WHAT YOU HAVE TO DO: Please output, exactly and without pictures, the lines from the opening of the listing below through the line containing "Our team installed", both included.

SUPPLIED RECORDS:

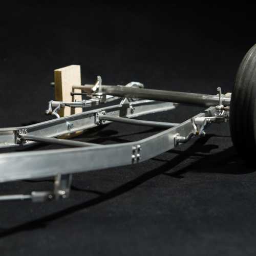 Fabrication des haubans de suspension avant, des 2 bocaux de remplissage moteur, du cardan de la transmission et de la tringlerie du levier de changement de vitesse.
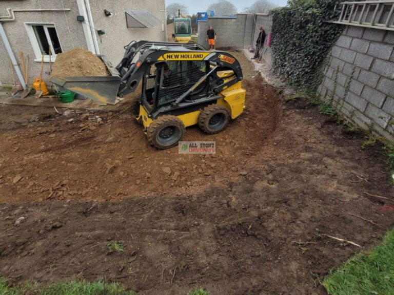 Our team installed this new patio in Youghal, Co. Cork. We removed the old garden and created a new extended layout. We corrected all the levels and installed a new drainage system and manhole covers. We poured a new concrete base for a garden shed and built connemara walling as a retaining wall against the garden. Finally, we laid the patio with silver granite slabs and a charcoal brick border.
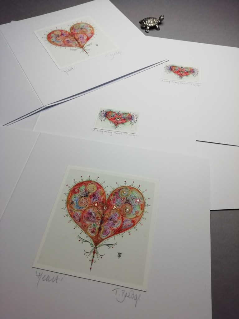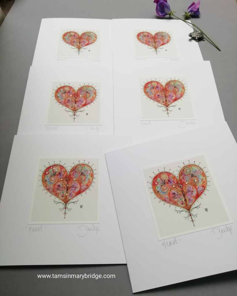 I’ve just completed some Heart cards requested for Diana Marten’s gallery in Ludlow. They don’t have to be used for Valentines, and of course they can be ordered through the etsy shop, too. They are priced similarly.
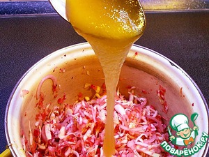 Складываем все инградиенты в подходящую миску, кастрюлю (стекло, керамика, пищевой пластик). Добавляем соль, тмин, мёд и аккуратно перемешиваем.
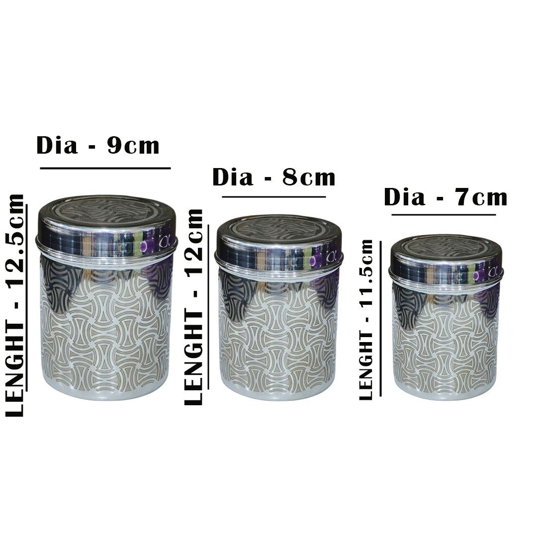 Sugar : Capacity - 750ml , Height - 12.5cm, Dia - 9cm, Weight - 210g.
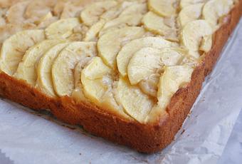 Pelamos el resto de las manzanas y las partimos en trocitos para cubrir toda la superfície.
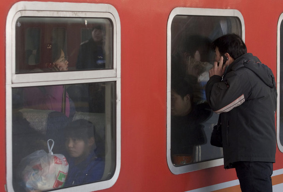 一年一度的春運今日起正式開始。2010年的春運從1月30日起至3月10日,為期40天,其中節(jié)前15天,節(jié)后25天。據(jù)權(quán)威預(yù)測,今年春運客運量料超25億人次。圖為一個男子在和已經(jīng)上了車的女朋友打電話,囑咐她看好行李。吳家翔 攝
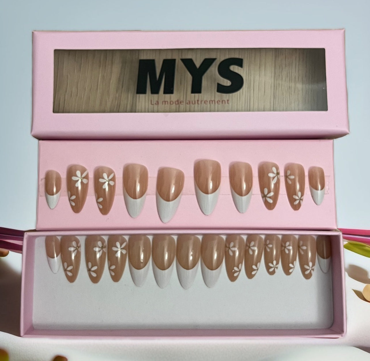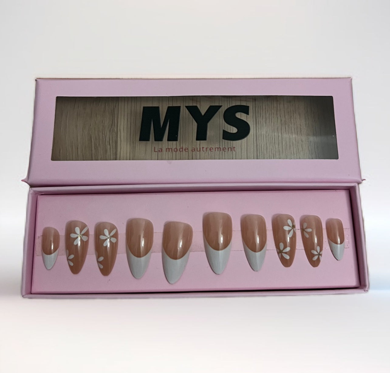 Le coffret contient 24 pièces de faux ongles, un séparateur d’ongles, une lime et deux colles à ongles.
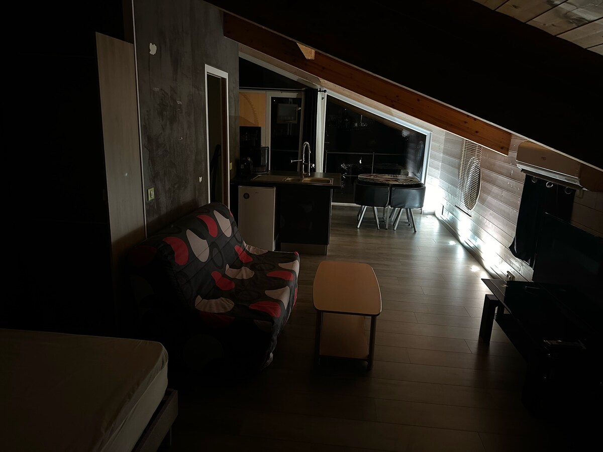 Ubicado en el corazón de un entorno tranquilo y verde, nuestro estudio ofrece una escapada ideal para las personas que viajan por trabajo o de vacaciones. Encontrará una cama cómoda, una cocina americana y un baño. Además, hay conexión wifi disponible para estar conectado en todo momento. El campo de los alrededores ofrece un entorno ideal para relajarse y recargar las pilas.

YOUR RESPONSE:
 Fabrication des haubans de suspension avant, des 2 bocaux de remplissage moteur, du cardan de la transmission et de la tringlerie du levier de changement de vitesse.
 Our team installed this new patio in Youghal, Co. Cork. We removed the old garden and created a new extended layout. We corrected all the levels and installed a new drainage system and manhole covers. We poured a new concrete base for a garden shed and built connemara walling as a retaining wall against the garden. Finally, we laid the patio with silver granite slabs and a charcoal brick border.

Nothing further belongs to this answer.